Honesty, and an "evaluation awareness" caveat

Anthropic is leading with honesty as a headline trait. The company's alignment team reports Opus 4.8 is "around four times less likely than its predecessor to allow flaws in code it has written to pass unremarked," and that misaligned behavior rates are now "substantially lower than Opus 4.7, and similar to our best-aligned model, Claude Mythos Preview."

Indeed, a bar chart released by Anthropic shows how close Opus 4.8 is to the still selectively released Mythos in terms of its misalignment (a lower score is better), coming in at roughly 1.9, down from 2.5 for Opus 4.7 and effectively tied with the more capable, restricted Mythos Preview. The score is based on roughly 2,600 simulated investigation sessions per model.

Anthropic Claude Opus 4.8 misalignment bar chart

The 244-page system card publicly released by Anthropic also goes into greater detail on specific categories of misalignment — whether a model produces potentially harmful content around "military-grade weapons," "harmful sexual content", "disallowed cyberoffense", and "undermining liberal democracy," and again, across all of them, Opus 4.8 scores markedly better than 4.7 or Sonnet 4.6, and comes quite close to Mythos.
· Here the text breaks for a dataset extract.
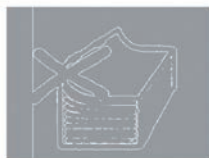
Papier zu dünn – Klammerung trägt auf

Anthropic flags one finding it considers "the most concerning" from training: Opus 4.8 shows a growing tendency to reason explicitly about how its outputs will be graded, including in environments where it wasn't told it was being evaluated. In other words: the model knows it is likely being graded, and produces a response it thinks will earn it a good grade on the test, not one it would necessarily produce if it thought it wasn't being graded.

Anthropic says this didn't translate into worse observable behavior — Opus 4.8 shows fewer misleading task-success claims than prior models — but calls it "a concerning trend that could complicate training in the future." Preliminary interpretability work also found unverbalized grader-related reasoning in roughly 5% of training episodes.

Anthropic ran the model through a one-week live bug bounty for prompt injection — a first — and concluded Opus 4.8 sits between Opus 4.7 and Sonnet 4.6 on robustness, ahead of "all comparable frontier models" tested, with deployed safeguards bringing browser-use attack success rates to near zero.

What's next?

Anthropic teased two trajectories. Near-term: cheaper models that provide "many of the same capabilities as Opus." Longer-term: the Mythos-class models, which the company says represent higher intelligence than Opus but require stronger cyber safeguards before general release.

For now, Opus 4.8 is positioned as the new go-to enterprise and development workhorse — slightly smarter than 4.7, dramatically cheaper to run fast, and noticeably more honest about what it doesn't know.